Did you go to all those two-a-day practices in the blistering heat, puking your guts out while being treated for dehydration? Are you out there on the field every Saturday in all kinds of weather, ranging from freezing cold and blizzards to triple-digit temperatures and 99 percent humidity, breaking your bones and getting concussions?

Did you sustain a spinal cord injury after a vicious hit and had to be carried off of the field on a stretcher because you couldn’t move your arms and legs? On top of all of that, are you trying to remain academically eligible to continue playing football?

If none of that applies to you, then don’t use the word "we." You are doing the players a disservice by taking credit for their God-given gifts, their determination and their success. You are not suffering through the same pain and torment as those players are.

Of course, there are always those that try to legitimize their right to say "we," even though most of them are 40 years old, weigh 450 pounds and have never played football in their lives. I give you the Top 3 excuses…


Excuse 1

"I am a diehard fan with season tickets and I go to every single game, even the away ones."

That’s very nice of you, but you don’t contribute anything to the team’s success on the field. Yes, you may cheer your heart out, but you aren’t running a crossing route through the middle of the field, knowing that a linebacker is waiting to take your head off as soon as the ball touches your fingers.


Excuse 2

"I am a student at the school, so I should be able to say ‘we.’"

You may be a student, but while you were out partying with your friends, drinking alcohol from 11 a.m. until 6 o'clock the next morning, the players were practicing and studying their playbook before going to bed at 8 p.m. so they can get up at 3 a.m. for weightlifting. I’m sorry, but that doesn’t cut it.


Excuse 3

"I played on the team back in 1965. That gives me the right to be a part of the team forever."

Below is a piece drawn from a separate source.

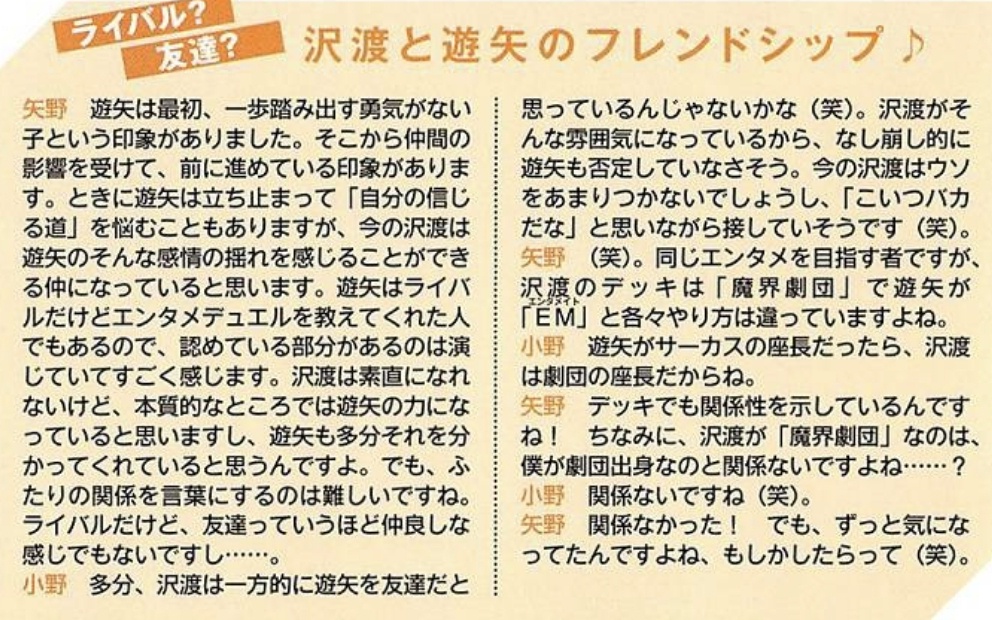 沢渡との掛け合いよかった
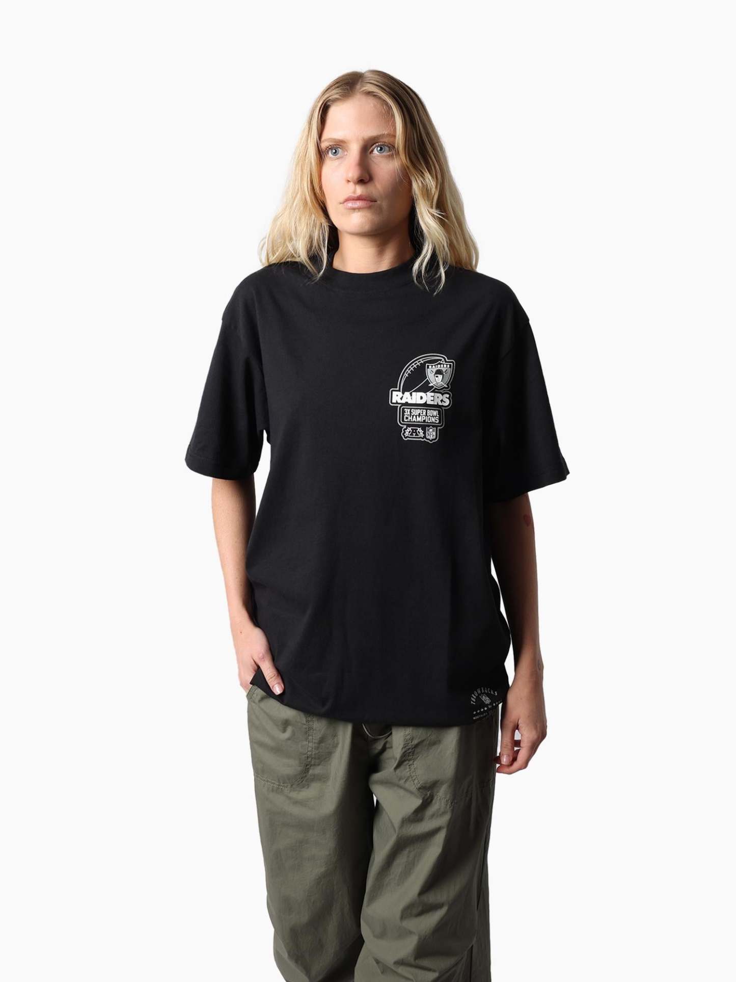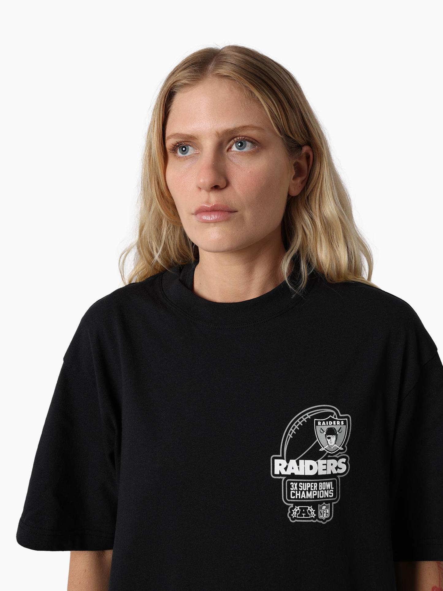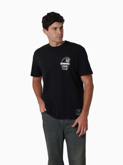 Stand out with the Raiders Golden tee. Built with a vintage fit and enzyme wash for a rugged edge, this piece is finished with bold screen printed graphics that salute the Silver & Black. A must-have for fans who want to represent Raider Nation with authentic retro energy. The Raiders NFL franchise has played between Oakland and Los Angeles since 1960 before relocating to Las Vegas in January '20. The iconic logo of a pirate or 'raider' wearing a helmet has been stood as the team logo & colours since 1964.

Not really. If you want to say things like, "Back in 1965, we were ranked No. 5 in the nation at one point," then go right ahead. You were a part of that team back then, so you have every right to take credit for that accomplishment.

But when you finally graduated and were no longer on the team’s roster, you lost all your "we" privileges.

So, what can "we," as a group of fans, do to cure this growing epidemic? It is really quite simple. Every time you are going to use the word "we," replace it with "they." Instead of saying "our," use the word "their." BAM!!! You are healed. Check it out…

INCORRECT: "We gained over 400 yards of offense on them."

CORRECT: "They gained over 400 yards of offense on them."

You can’t get any easier than that.

Until you spill the same blood, sweat, and tears that these men spill week in and week out, give your favorite team their due credit by referring to them as something in which you are not a part of. You are a fan and a fan only.

You sit in the stands or on your couch, shoving pizza, hotdogs, BBQ, and beer into your mouth while the team does all the hard work.

The same team that sacrifices countless hours and gives up so much just to be able to wear their team’s jersey and step onto that field on gameday.

"WE" as fans should be more respectful and know our role.